§ **Work to be completed**: Give back the listing in full and exactly, leaving out the images.
BEGIN Dataset excerpt
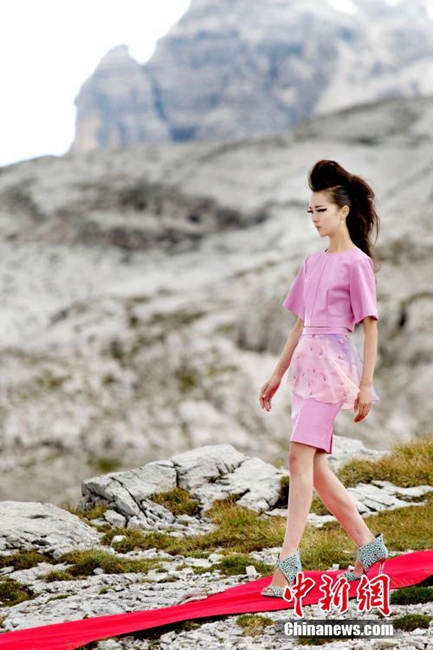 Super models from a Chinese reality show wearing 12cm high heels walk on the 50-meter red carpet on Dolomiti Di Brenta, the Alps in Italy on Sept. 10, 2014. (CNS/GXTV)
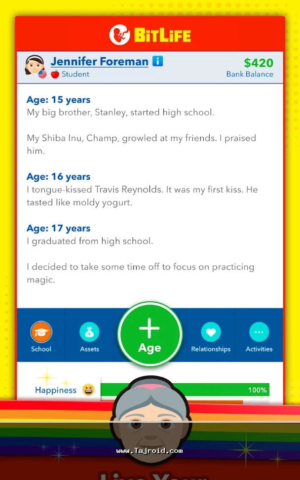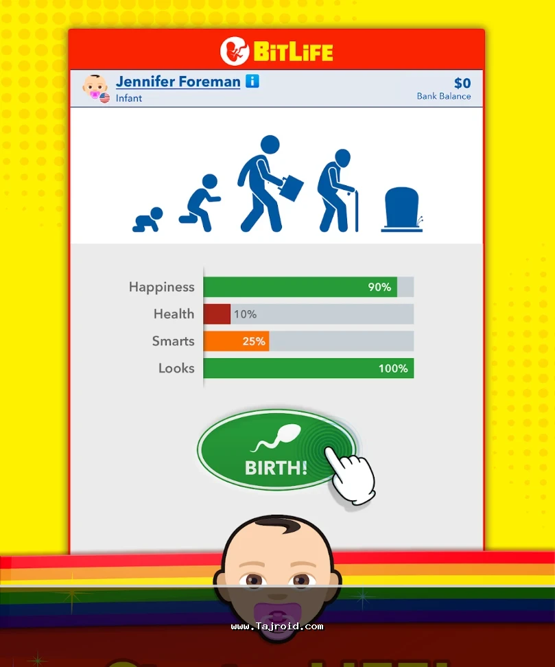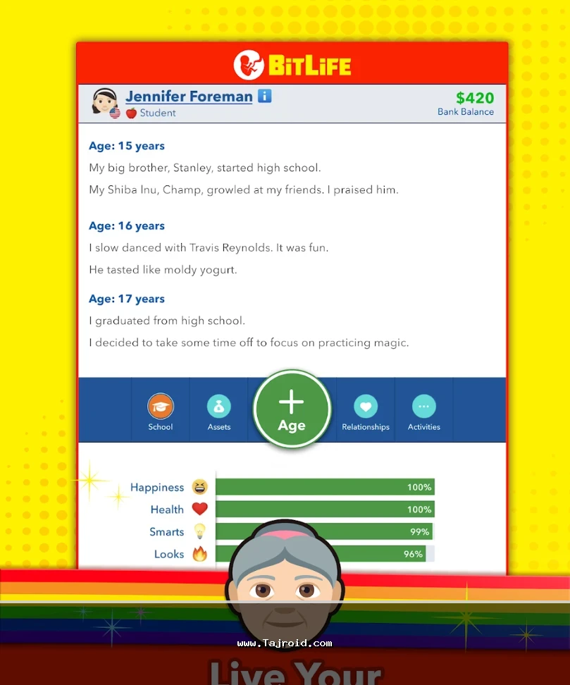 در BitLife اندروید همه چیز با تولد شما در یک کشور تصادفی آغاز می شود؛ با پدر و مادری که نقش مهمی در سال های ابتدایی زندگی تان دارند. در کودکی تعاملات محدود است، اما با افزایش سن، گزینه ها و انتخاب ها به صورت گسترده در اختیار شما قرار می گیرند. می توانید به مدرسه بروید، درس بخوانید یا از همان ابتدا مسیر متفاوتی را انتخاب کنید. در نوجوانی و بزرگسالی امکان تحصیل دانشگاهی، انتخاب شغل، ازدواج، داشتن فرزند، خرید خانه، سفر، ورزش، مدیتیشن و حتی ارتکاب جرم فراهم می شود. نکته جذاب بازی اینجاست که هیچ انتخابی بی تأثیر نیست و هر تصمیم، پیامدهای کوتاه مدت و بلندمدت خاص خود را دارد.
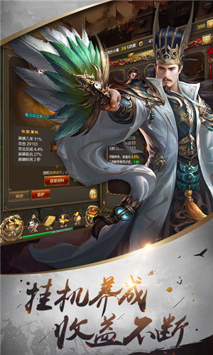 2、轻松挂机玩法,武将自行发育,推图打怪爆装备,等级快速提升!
END Dataset excerpt
§ **Your solution**:
 Super models from a Chinese reality show wearing 12cm high heels walk on the 50-meter red carpet on Dolomiti Di Brenta, the Alps in Italy on Sept. 10, 2014. (CNS/GXTV)
 در BitLife اندروید همه چیز با تولد شما در یک کشور تصادفی آغاز می شود؛ با پدر و مادری که نقش مهمی در سال های ابتدایی زندگی تان دارند. در کودکی تعاملات محدود است، اما با افزایش سن، گزینه ها و انتخاب ها به صورت گسترده در اختیار شما قرار می گیرند. می توانید به مدرسه بروید، درس بخوانید یا از همان ابتدا مسیر متفاوتی را انتخاب کنید. در نوجوانی و بزرگسالی امکان تحصیل دانشگاهی، انتخاب شغل، ازدواج، داشتن فرزند، خرید خانه، سفر، ورزش، مدیتیشن و حتی ارتکاب جرم فراهم می شود. نکته جذاب بازی اینجاست که هیچ انتخابی بی تأثیر نیست و هر تصمیم، پیامدهای کوتاه مدت و بلندمدت خاص خود را دارد.
 2、轻松挂机玩法,武将自行发育,推图打怪爆装备,等级快速提升!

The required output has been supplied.